## What to do
Set down, word for word, each line from the top of the data through the line that has "Дизайнерская компания Pepe"; omit every picture.

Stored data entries
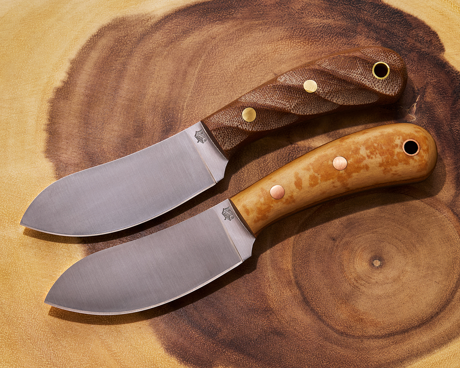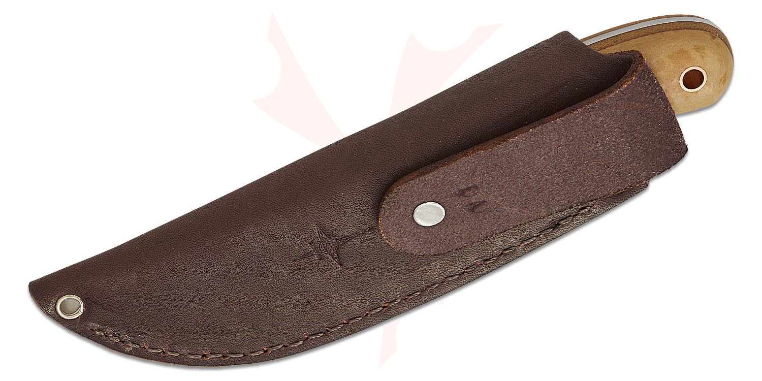 L.T. Wright Camp MUK Fixed Blade Knife 3.6" A2 Flat Ground Nessmuk Skinner Blade, Maple Valley Richlite Handles with Natural Liners, Leather Sheath
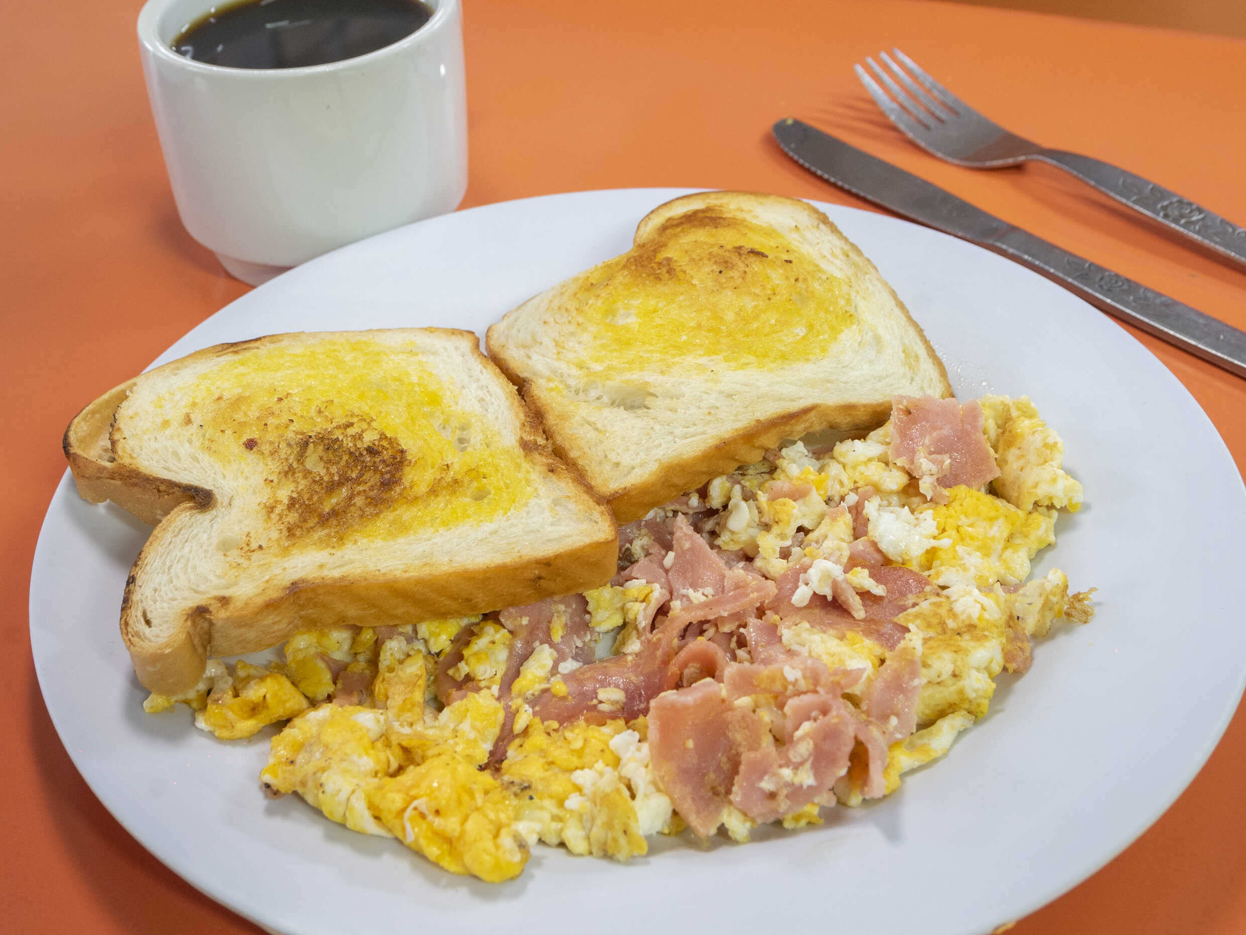 Desayuno estilo continental, huevos revueltos con jamón y tostada acompañado de bebida a elegir.
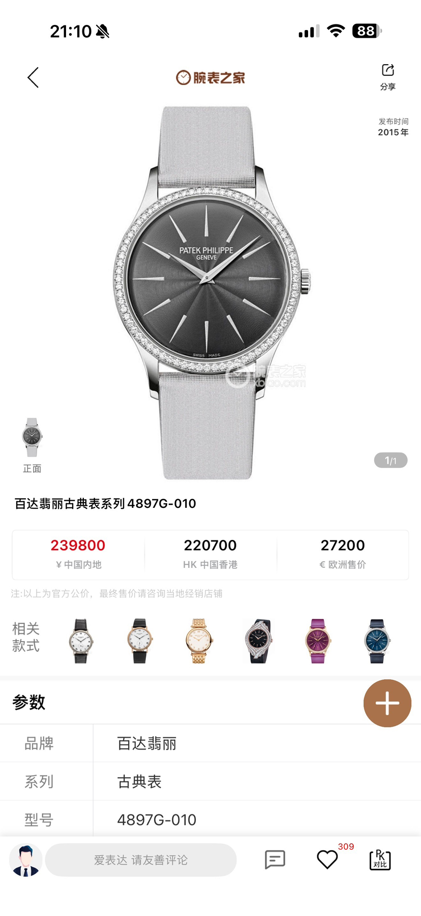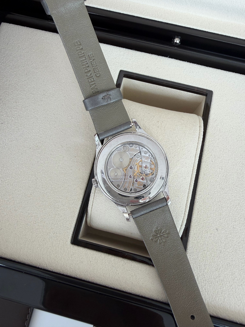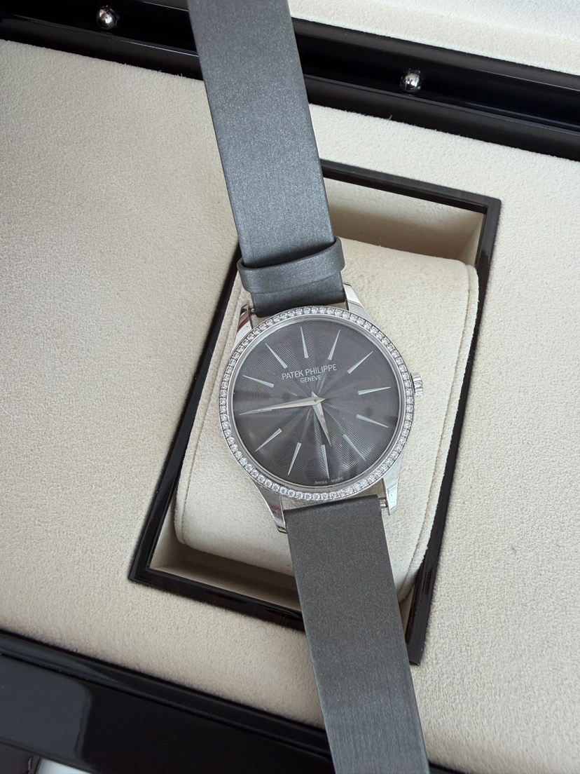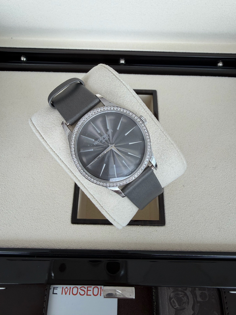 新到!百达翡丽古典表系列女士手动机械腕表4897G-010灰盘,表径33mm,18K白金表圈原镶钻石,20年极品大全套,专柜价239800,现货好价
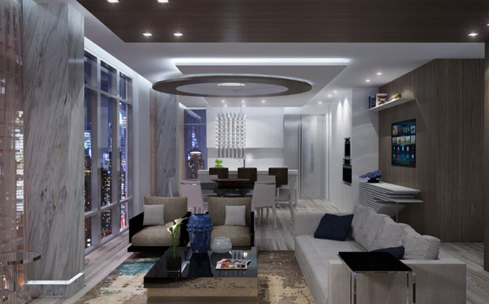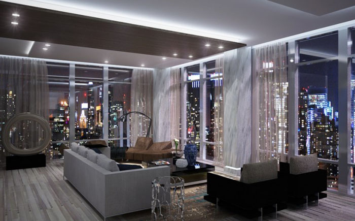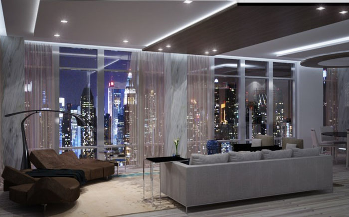 Дизайнерская компания Pepe Calderin Designs завершила проект оформления интерьера в одном из пентхаусов Нью-Йорка. Поскольку это квартира, то пространство в ней ограничено, но всё же она может похвастаться роскошной гостиной, столовой, современной кухней и огромной спальней.
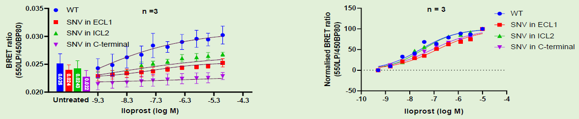 Graphs 1 and 2. SNV in the C-terminal region of the IP receptor seems to be significantly impacting the miniGs recruitment. SNVs in the ELC1 and ICL2 of IP receptor also show reduced recuitment. Image Credit: Image courtesy of Ravinder K. Bhardwaj et al., in partnership with ELRIG (UK) Ltd.
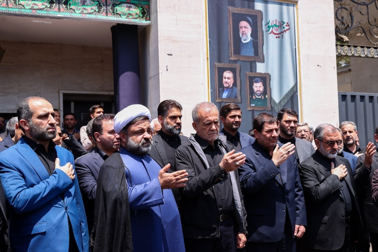 ظهر ۲۵ تیر ماه، مصادف با روز تاسوعا، پزشکیان به هیات نهاد ریاست‌جمهوری رفت. او زیر تصاویری از ابراهیم رئیسی و حسین امیرعبداللهیان، رییس‌جمهوری و وزیر امور خارجه کشته شده در سقوط هلی‌کوپتر، در مقابل نهاد ریاست‌جمهوری در دسته این نهاد شرکت کرد.

## Reply
 L.T. Wright Camp MUK Fixed Blade Knife 3.6" A2 Flat Ground Nessmuk Skinner Blade, Maple Valley Richlite Handles with Natural Liners, Leather Sheath
 Desayuno estilo continental, huevos revueltos con jamón y tostada acompañado de bebida a elegir.
 新到!百达翡丽古典表系列女士手动机械腕表4897G-010灰盘,表径33mm,18K白金表圈原镶钻石,20年极品大全套,专柜价239800,现货好价
 Дизайнерская компания Pepe Calderin Designs завершила проект оформления интерьера в одном из пентхаусов Нью-Йорка. Поскольку это квартира, то пространство в ней ограничено, но всё же она может похвастаться роскошной гостиной, столовой, современной кухней и огромной спальней.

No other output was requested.